(Given material begins)

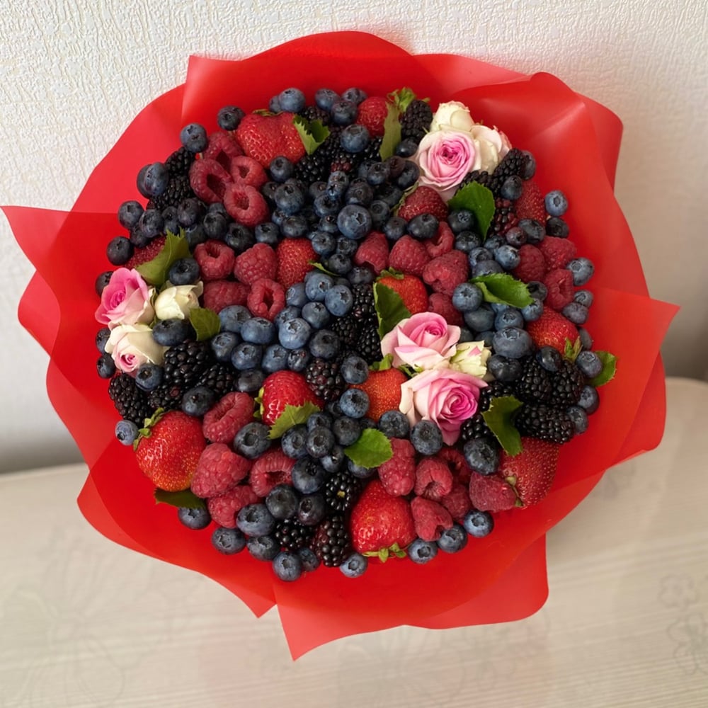 Букет с клубникой,голубикой, ежевикой
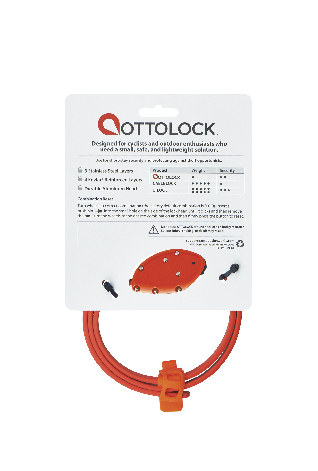 Das Ottolock Chinch Lock eignet sich als Diebstahlschutz für kurze Stopps. Es ist sicherer als ein Kabelschloss und ist mit einem Startgewicht von nur 120 g deutlich leichter als ein U-Lock und lässt sich bequem in der Satteltasche o. ä. verstauen. Mehrschichtige Stahl- und Kevlar-Bänder (18 mm breit) machen es sehr schnittfest und stärker als Kabelschlösser.
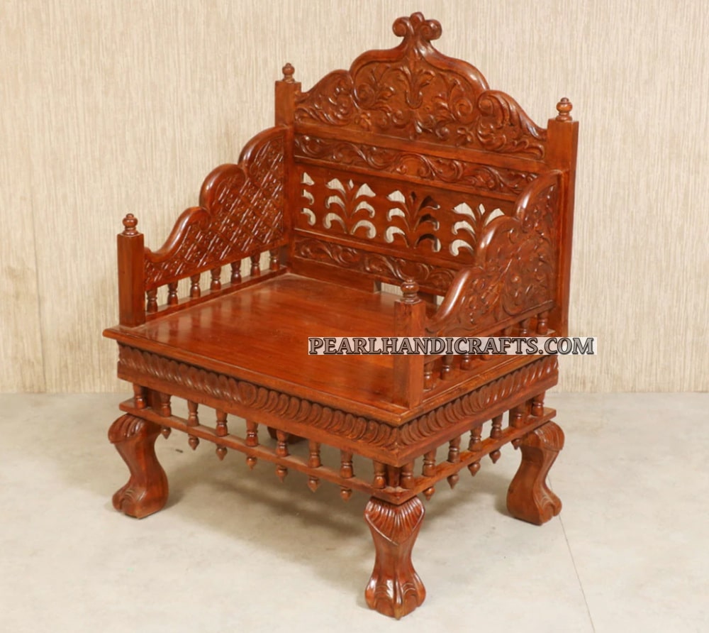 Rajasthani pattern solid wood sofa set /bench with really beautiful floral hand carving and arcs.
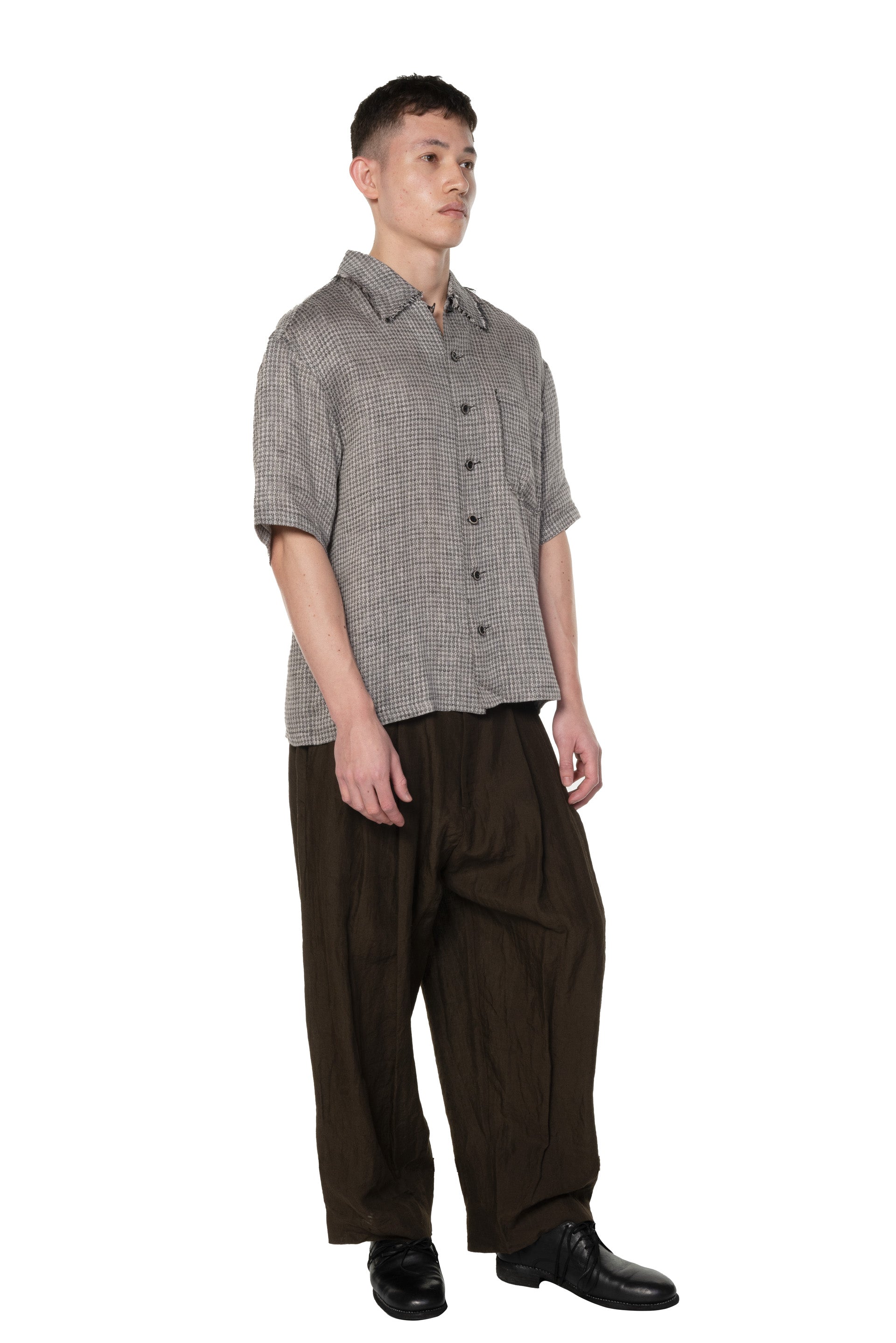 Peng Tai creates modern silhouette with traditional chinese philosophy. Inspired by how Chinese herbal medicine regulates the body from the inside out, Peng Tai aims to research and develop a way to boil Chinese herbal medicine with fabrics, to create clothes that feel like a second skin as seen with the Checked SL Shirt.

(Given material ends)

Task item:
An exact copy of the listing is required, with every image removed.

Task response:
 Букет с клубникой,голубикой, ежевикой
 Das Ottolock Chinch Lock eignet sich als Diebstahlschutz für kurze Stopps. Es ist sicherer als ein Kabelschloss und ist mit einem Startgewicht von nur 120 g deutlich leichter als ein U-Lock und lässt sich bequem in der Satteltasche o. ä. verstauen. Mehrschichtige Stahl- und Kevlar-Bänder (18 mm breit) machen es sehr schnittfest und stärker als Kabelschlösser.
 Rajasthani pattern solid wood sofa set /bench with really beautiful floral hand carving and arcs.
 Peng Tai creates modern silhouette with traditional chinese philosophy. Inspired by how Chinese herbal medicine regulates the body from the inside out, Peng Tai aims to research and develop a way to boil Chinese herbal medicine with fabrics, to create clothes that feel like a second skin as seen with the Checked SL Shirt.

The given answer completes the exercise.